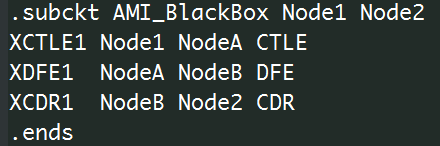 The paper presented by IBM demonstrate the intercommunication between unresolved .ami file and the AMI_Resolve API function. The “netlist” or “equation” is encrypted and embedded as part of the .ami file. In the IBIS spec, a table format is also supported in the .ami model_specific syntax yet it may be a hassle to produce and use. In practice, we prefer to point to an external file directly like below:
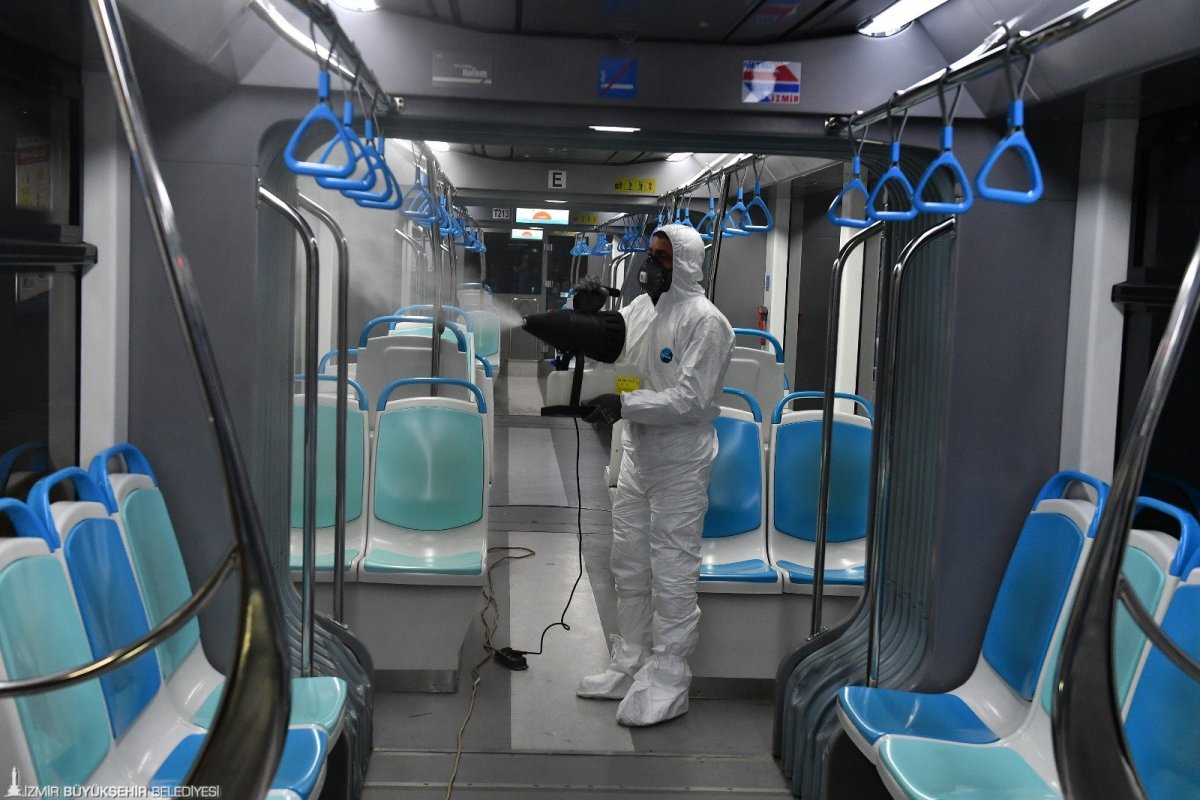 ESHOT ve İZULAŞ otobüsleri, hem seferlerden sonra hem de gün sonunda garajlarda, insan ve çevre sağlığına zararı bulunmayan su bazlı temizlik ürünleri ile virüslerden ve bakterilerden arındırılıyor. Metro vagonları Fahrettin Altay İstasyonu’nda; Karşıyaka Tramvay araçları Alaybey Durağı’nda ve Konak Tramvay araçları da Halkapınar Durağı’nda, her seferden sonra ve gün sonunda en ince ayrıntısına kadar dezenfekte ediliyor. İZDENİZ’de de yolcu gemileri, araba vapurları ve iskeleler, gün içinde sürekli temizleniyor. Gün sonunda da tüm gemiler ve iskeleler, gece vardiyasında görev yapan temizlik personeli tarafından dezenfekte edilip ertesi güne hazırlanıyor. TCDD-Büyükşehir ortaklığıyla işletilen İZBAN tren setleri ile istasyonlar, her gün rutin detaylı temizliğin yanı sıra düzenli olarak dezenfekte ediliyor. Teması azaltmak için tren seti kapıları otomatik açılıyor.
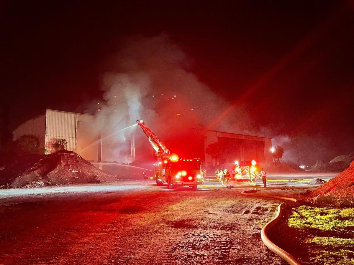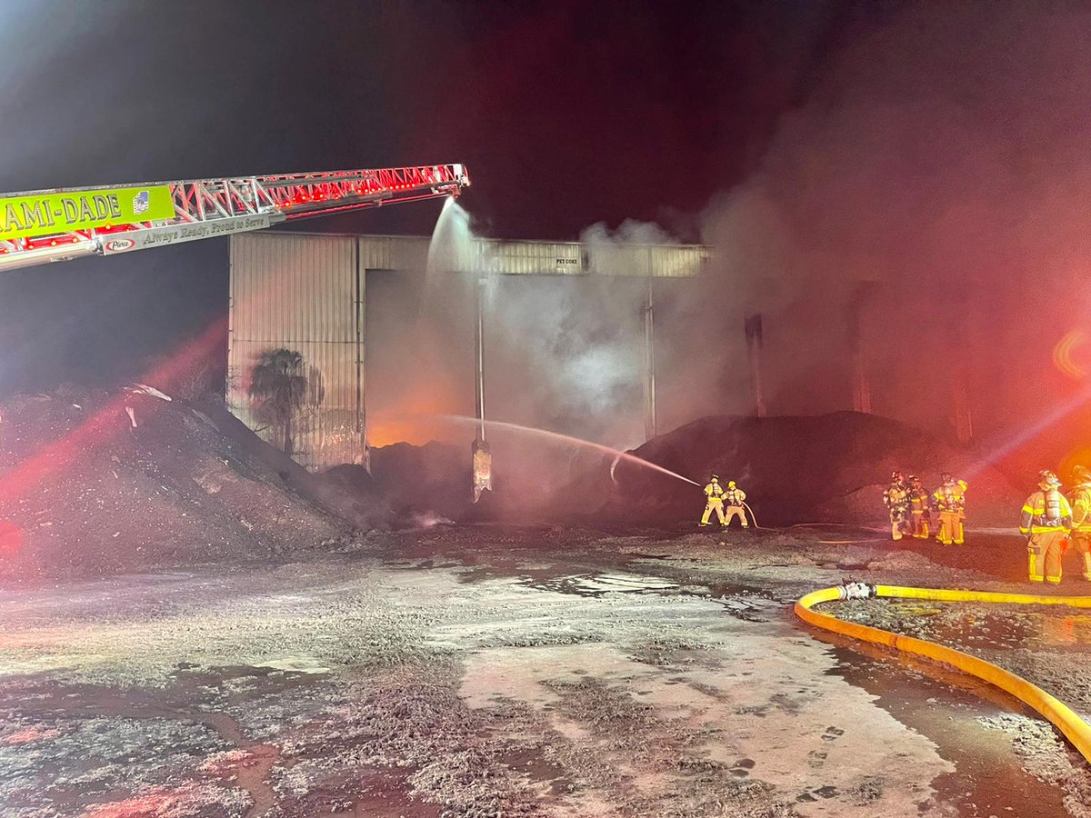 #MDFR responded to a#FirstAlarm fire at 1200 NW 137 Ave. Crews arrived to a large column of smoke coming from the back of the plant & a large mound of rubbish on fire in a chopped rubber storage area. The fire was extinguished using a defensive attack.pic.twitter.com/kd7zsqnotn

> **THE TASK**
Word for word, write out the whole listing, keeping none of the pictures.

> **SOLUTION TO THE PROBLEM**
 The paper presented by IBM demonstrate the intercommunication between unresolved .ami file and the AMI_Resolve API function. The “netlist” or “equation” is encrypted and embedded as part of the .ami file. In the IBIS spec, a table format is also supported in the .ami model_specific syntax yet it may be a hassle to produce and use. In practice, we prefer to point to an external file directly like below:
 ESHOT ve İZULAŞ otobüsleri, hem seferlerden sonra hem de gün sonunda garajlarda, insan ve çevre sağlığına zararı bulunmayan su bazlı temizlik ürünleri ile virüslerden ve bakterilerden arındırılıyor. Metro vagonları Fahrettin Altay İstasyonu’nda; Karşıyaka Tramvay araçları Alaybey Durağı’nda ve Konak Tramvay araçları da Halkapınar Durağı’nda, her seferden sonra ve gün sonunda en ince ayrıntısına kadar dezenfekte ediliyor. İZDENİZ’de de yolcu gemileri, araba vapurları ve iskeleler, gün içinde sürekli temizleniyor. Gün sonunda da tüm gemiler ve iskeleler, gece vardiyasında görev yapan temizlik personeli tarafından dezenfekte edilip ertesi güne hazırlanıyor. TCDD-Büyükşehir ortaklığıyla işletilen İZBAN tren setleri ile istasyonlar, her gün rutin detaylı temizliğin yanı sıra düzenli olarak dezenfekte ediliyor. Teması azaltmak için tren seti kapıları otomatik açılıyor.
 #MDFR responded to a#FirstAlarm fire at 1200 NW 137 Ave. Crews arrived to a large column of smoke coming from the back of the plant & a large mound of rubbish on fire in a chopped rubber storage area. The fire was extinguished using a defensive attack.pic.twitter.com/kd7zsqnotn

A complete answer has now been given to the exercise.